▶ Dataset excerpt:

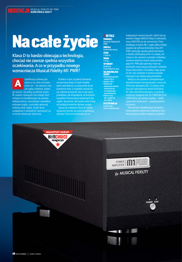 FIDELITY M1 PWR RECENZJA MUSICAL KOŃCÓWKA MOCY Na całe życie Klasa D to bardzo obiecująca technologia, chociaż nie zawsze spełnia wszystkie oczekiwania. A co w przypadku nowego wzmacniacza Musical Fidelity M1 PWR? A mplifikacja cyfrowa jest obecna na rynku od wielu, wielu lat – nie stanowi ona, jak sądzą niektórzy, żadnego novum. Jej zalety są dobrze znane. W czasach rosnących cen energii technologia ta charakteryzuje się wysoką efektywnością i stosunkowo niewielkim poborem prądu, a ponadto generuje znikomą ilość ciepła. Dzięki temu urządzenia o niewielkich rozmiarach są w stanie dostarczyć dużą moc. 48 HI-FI CHOICE | HOME CINEMA Problem w tym, że jakość brzmienia wzmacniaczy klasy D często budziła spore zastrzeżenia, co przyczyniło się do powstania mitu, iż wszystkie wzmacniacze cyfrowe brzmią źle. Jest to tak samo prawdziwe, jak stwierdzenie, że brzmienie wszystkich wzmacniaczy lampowych jest ciepłe i aksamitne. Jak zwykle wiele zależy od podejścia twórców danego sprzętu. Jeszcze do niedawna Musical Fidelity skutecznie broniło się przed amplifikacją cyfrową. Firma koncentrowała się na DETALE PRODUKT Musical Fidelity M1 PWR RODZAJ Końcówka mocy CENA 3.999 zł WAGA 3,9 kg WYMIARY (SxWxG) 220x100x315 mm NAJWAŻNIEJSZE CECHY •Niezbalansowane wejście RCA •Wyjście RCA •Możliwość połączenia dwóch wzmacniaczy w konfiguracji zmostkowanej •Pobór mocy 90–250W AC 50/60Hz DYSTRYBUCJA Audio Klan www.audioklan.pl tradycyjnych wzmacniaczach, takich jak np. świetna integra AMS35i klasy A, końcówka mocy AMS100 czy też wzmacniacz Titan działający w klasie AB. I nagle, jakby znikąd, pojawia się cyfrowa końcówka mocy M1 PWR, obiecując wysoką jakość brzmienia w bardzo atrakcyjnej cenie. Co więcej, nie mamy tu do czynienia z prostym naśladownictwem dokonań innych producentów, gdyż M1 PWR jako pierwszy może się pochwalić nową wersją cyfrowych modułów Texas Instruments. Chociażby z tego powodu M1 jest unikatem w świecie niewiele różniących się między sobą produktów. Mamy tu do czynienia z kompaktowym stereofonicznym wzmacniaczem o mocy ok. 65W przy obciążeniu 8Ω. Co więcej, możliwe jest wykorzystanie dwóch końcówek M1 jako stereofonicznej pary, co pozwala zwiększyć dostępną moc do 100W (8Ω) lub 200W (4Ω), jak również uzyskać – wedle zapewnień producenta – poprawę jakości brzmienia. Wzmacniacz charakteryzuje się bardzo dobrą jakością wykonania. Metalowa obudowa sprawia solidne wrażenie, podobnie MUSICAL FIDELITY M1 PWR KOŃCÓWKA MOCY jak wykonany ze stopu aluminium panel czołowy o grubości 10mm. Jednak przy wadze 3,9kg nie jest to typowy dla Musical Fidelity „pancernik”. Nie ma jednak się co dziwić, gdyż jego konstrukcja nie wymaga masywnych radiatorów, w jakie wyposażane są konwencjonalne końcówki mocy. Transformator sieciowy o wielkości pudełka zapałek jest zaskakująco mały jak na moc oferowaną przez wzmacniacz. Jednak i to nie jest zaskoczeniem, gdyż wzmacniacze klasy D charakteryzują się bardzo wysoką efektywnością. Tak więc ci, którzy lubią „słuchać oczami” i zwracają uwagę na takie rzeczy, jak wielkość, ciężar czy ekstrawaganckie obudowy, mogą być nieco rozczarowani skromnością M1 PWR. Wystarczy go jednak posłuchać, aby się przekonać, że oferuje znakomitą jakość. Odsłuchy zacząłem z jednym M1 PWR w konfiguracji stereo, podłączając go do systemu w miejsce MF kW-750. Jeszcze kilka lat temu kW-750 był flagową końcówką mocy Musicala. Chociaż wzmacniacz ten nie jest już produkowany, nadal uznaje się go za jeden z najlepszych modeli w historii firmy. Sam założyciel Musical Fidelity, Antony Michaelson, wciąż używa go w swoim domowym systemie. I trudno się dziwić: 750W przy obciążeniu 8Ω i ponad 1.000W przy 4Ω oznacza, że kW-750 to naprawdę „Wystarczy go posłuchać, aby się przekonać, że oferuje znakomitą jakość…” potężna bestia. Ma przy tym imponujące rozmiary. Sam zewnętrzny transformator jest zamknięty w obudowie większej niż dwa wzmacniacze M1 PWR razem wzięte. Gdyby był produkowany dzisiaj, jego cena z pewnością oscylowałaby w granicach 50.000zł. Pierwsze odsłuchy Biorąc pod uwagę astronomiczną cenę i imponujące rozmiary kW-750, można było zadać sobie pytanie, jak na jego tle wypadnie „skromny” M1 PWR. Okazało się, że zaskakująco dobrze. Brzmienie M1 PWR nie jest wprawdzie tak wyrafinowane, RECENZJA jak kW-750, ale różnica między nimi jest stosunkowo niewielka i z pewnością nie odzwierciedla ogromnej przepaści cenowej między tymi modelami. Dźwięk M1 PWR jest czysty, świeży i otwarty, charakteryzuje się naturalnym balansem tonalnym i świetnym oddaniem niuansów dynamiki. Brzmienie jest wyrównane i szczegółowe, klarowne i transparentne, a ponadto sprawia wrażenie ogromnego zapasu mocy. Nie jest to może tak bogate, ciepłe i czarujące brzmienie jak to, którym może się pochwalić kW-750, ale nie jest też nadmiernie ostre czy rozjaśnione. Można je jedynie uznać za nieco chłodne. Uderzająca jest za to jego czystość, szczegółowość, transparentność i otwartość. Bas jest pełny i solidny, chociaż nie dorównuje potędze basu kW-750. Odnosi się wrażenie, że kolumny kontrolowane przez M1 PWR nie przesuwają aż tyle powietrza. Brzmienie kW-750 wydaje się odrobinę bogatsze i ma w sobie magię, której brakuje tańszemu kuzynowi. Najciekawsze jest jednak to, że po około godzinie słuchania M1 PWR różnice zaczynają się zacierać i pojawiają się pierwsze wątpliwości. Czy kW-750 rzeczywiście był tak wyraźnie lepszy? Tak wydawało się bezpośrednio po zamianie, jednak M1 PWR też ma swój czar. Można wręcz pokusić się o stwierdzenie, że jest lepszy, niż wskazywałaby na to jego cena. Po kilku godzinach spędzonych w jego miłym towarzystwie jestem niemal przekonany, że w pełni dorównuje swojemu więks
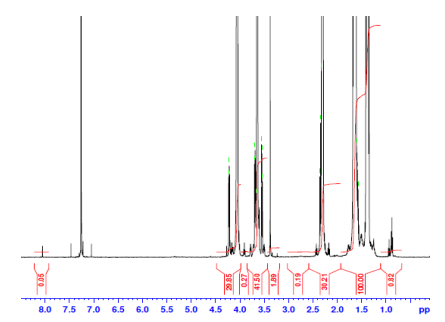 共聚物在CDCl3(Varian Inova 500 MHz)中的H-NMR光譜儀器)mPEG-PCL重復單元的NMR:EG-CL=17-24(Mn749*-2791Da)(*MFG標稱值) |
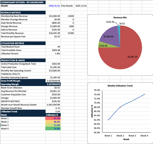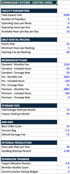 This 22-sheet system covers member billing, bay scheduling, accounts receivable, health compliance, production tracking, and a full expansion model for growing your operation. Works for commissary kitchens, ghost kitchen facilities, shared-use commercial kitchens, and food incubator programs.
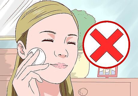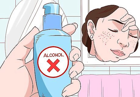 Avoid products that contain alcohol. Skin products such as toners, astringents, and exfoliants often contain alcohol. Alcohol dries out your skin and can leave it irritated and prone to breakouts.

▶ Your objective: Give back the data verbatim. The pictures are not part of the copy.

▶ Your response:
 FIDELITY M1 PWR RECENZJA MUSICAL KOŃCÓWKA MOCY Na całe życie Klasa D to bardzo obiecująca technologia, chociaż nie zawsze spełnia wszystkie oczekiwania. A co w przypadku nowego wzmacniacza Musical Fidelity M1 PWR? A mplifikacja cyfrowa jest obecna na rynku od wielu, wielu lat – nie stanowi ona, jak sądzą niektórzy, żadnego novum. Jej zalety są dobrze znane. W czasach rosnących cen energii technologia ta charakteryzuje się wysoką efektywnością i stosunkowo niewielkim poborem prądu, a ponadto generuje znikomą ilość ciepła. Dzięki temu urządzenia o niewielkich rozmiarach są w stanie dostarczyć dużą moc. 48 HI-FI CHOICE | HOME CINEMA Problem w tym, że jakość brzmienia wzmacniaczy klasy D często budziła spore zastrzeżenia, co przyczyniło się do powstania mitu, iż wszystkie wzmacniacze cyfrowe brzmią źle. Jest to tak samo prawdziwe, jak stwierdzenie, że brzmienie wszystkich wzmacniaczy lampowych jest ciepłe i aksamitne. Jak zwykle wiele zależy od podejścia twórców danego sprzętu. Jeszcze do niedawna Musical Fidelity skutecznie broniło się przed amplifikacją cyfrową. Firma koncentrowała się na DETALE PRODUKT Musical Fidelity M1 PWR RODZAJ Końcówka mocy CENA 3.999 zł WAGA 3,9 kg WYMIARY (SxWxG) 220x100x315 mm NAJWAŻNIEJSZE CECHY •Niezbalansowane wejście RCA •Wyjście RCA •Możliwość połączenia dwóch wzmacniaczy w konfiguracji zmostkowanej •Pobór mocy 90–250W AC 50/60Hz DYSTRYBUCJA Audio Klan www.audioklan.pl tradycyjnych wzmacniaczach, takich jak np. świetna integra AMS35i klasy A, końcówka mocy AMS100 czy też wzmacniacz Titan działający w klasie AB. I nagle, jakby znikąd, pojawia się cyfrowa końcówka mocy M1 PWR, obiecując wysoką jakość brzmienia w bardzo atrakcyjnej cenie. Co więcej, nie mamy tu do czynienia z prostym naśladownictwem dokonań innych producentów, gdyż M1 PWR jako pierwszy może się pochwalić nową wersją cyfrowych modułów Texas Instruments. Chociażby z tego powodu M1 jest unikatem w świecie niewiele różniących się między sobą produktów. Mamy tu do czynienia z kompaktowym stereofonicznym wzmacniaczem o mocy ok. 65W przy obciążeniu 8Ω. Co więcej, możliwe jest wykorzystanie dwóch końcówek M1 jako stereofonicznej pary, co pozwala zwiększyć dostępną moc do 100W (8Ω) lub 200W (4Ω), jak również uzyskać – wedle zapewnień producenta – poprawę jakości brzmienia. Wzmacniacz charakteryzuje się bardzo dobrą jakością wykonania. Metalowa obudowa sprawia solidne wrażenie, podobnie MUSICAL FIDELITY M1 PWR KOŃCÓWKA MOCY jak wykonany ze stopu aluminium panel czołowy o grubości 10mm. Jednak przy wadze 3,9kg nie jest to typowy dla Musical Fidelity „pancernik”. Nie ma jednak się co dziwić, gdyż jego konstrukcja nie wymaga masywnych radiatorów, w jakie wyposażane są konwencjonalne końcówki mocy. Transformator sieciowy o wielkości pudełka zapałek jest zaskakująco mały jak na moc oferowaną przez wzmacniacz. Jednak i to nie jest zaskoczeniem, gdyż wzmacniacze klasy D charakteryzują się bardzo wysoką efektywnością. Tak więc ci, którzy lubią „słuchać oczami” i zwracają uwagę na takie rzeczy, jak wielkość, ciężar czy ekstrawaganckie obudowy, mogą być nieco rozczarowani skromnością M1 PWR. Wystarczy go jednak posłuchać, aby się przekonać, że oferuje znakomitą jakość. Odsłuchy zacząłem z jednym M1 PWR w konfiguracji stereo, podłączając go do systemu w miejsce MF kW-750. Jeszcze kilka lat temu kW-750 był flagową końcówką mocy Musicala. Chociaż wzmacniacz ten nie jest już produkowany, nadal uznaje się go za jeden z najlepszych modeli w historii firmy. Sam założyciel Musical Fidelity, Antony Michaelson, wciąż używa go w swoim domowym systemie. I trudno się dziwić: 750W przy obciążeniu 8Ω i ponad 1.000W przy 4Ω oznacza, że kW-750 to naprawdę „Wystarczy go posłuchać, aby się przekonać, że oferuje znakomitą jakość…” potężna bestia. Ma przy tym imponujące rozmiary. Sam zewnętrzny transformator jest zamknięty w obudowie większej niż dwa wzmacniacze M1 PWR razem wzięte. Gdyby był produkowany dzisiaj, jego cena z pewnością oscylowałaby w granicach 50.000zł. Pierwsze odsłuchy Biorąc pod uwagę astronomiczną cenę i imponujące rozmiary kW-750, można było zadać sobie pytanie, jak na jego tle wypadnie „skromny” M1 PWR. Okazało się, że zaskakująco dobrze. Brzmienie M1 PWR nie jest wprawdzie tak wyrafinowane, RECENZJA jak kW-750, ale różnica między nimi jest stosunkowo niewielka i z pewnością nie odzwierciedla ogromnej przepaści cenowej między tymi modelami. Dźwięk M1 PWR jest czysty, świeży i otwarty, charakteryzuje się naturalnym balansem tonalnym i świetnym oddaniem niuansów dynamiki. Brzmienie jest wyrównane i szczegółowe, klarowne i transparentne, a ponadto sprawia wrażenie ogromnego zapasu mocy. Nie jest to może tak bogate, ciepłe i czarujące brzmienie jak to, którym może się pochwalić kW-750, ale nie jest też nadmiernie ostre czy rozjaśnione. Można je jedynie uznać za nieco chłodne. Uderzająca jest za to jego czystość, szczegółowość, transparentność i otwartość. Bas jest pełny i solidny, chociaż nie dorównuje potędze basu kW-750. Odnosi się wrażenie, że kolumny kontrolowane przez M1 PWR nie przesuwają aż tyle powietrza. Brzmienie kW-750 wydaje się odrobinę bogatsze i ma w sobie magię, której brakuje tańszemu kuzynowi. Najciekawsze jest jednak to, że po około godzinie słuchania M1 PWR różnice zaczynają się zacierać i pojawiają się pierwsze wątpliwości. Czy kW-750 rzeczywiście był tak wyraźnie lepszy? Tak wydawało się bezpośrednio po zamianie, jednak M1 PWR też ma swój czar. Można wręcz pokusić się o stwierdzenie, że jest lepszy, niż wskazywałaby na to jego cena. Po kilku godzinach spędzonych w jego miłym towarzystwie jestem niemal przekonany, że w pełni dorównuje swojemu więks
 共聚物在CDCl3(Varian Inova 500 MHz)中的H-NMR光譜儀器)mPEG-PCL重復單元的NMR:EG-CL=17-24(Mn749*-2791Da)(*MFG標稱值) |
 This 22-sheet system covers member billing, bay scheduling, accounts receivable, health compliance, production tracking, and a full expansion model for growing your operation. Works for commissary kitchens, ghost kitchen facilities, shared-use commercial kitchens, and food incubator programs.
 Avoid products that contain alcohol. Skin products such as toners, astringents, and exfoliants often contain alcohol. Alcohol dries out your skin and can leave it irritated and prone to breakouts.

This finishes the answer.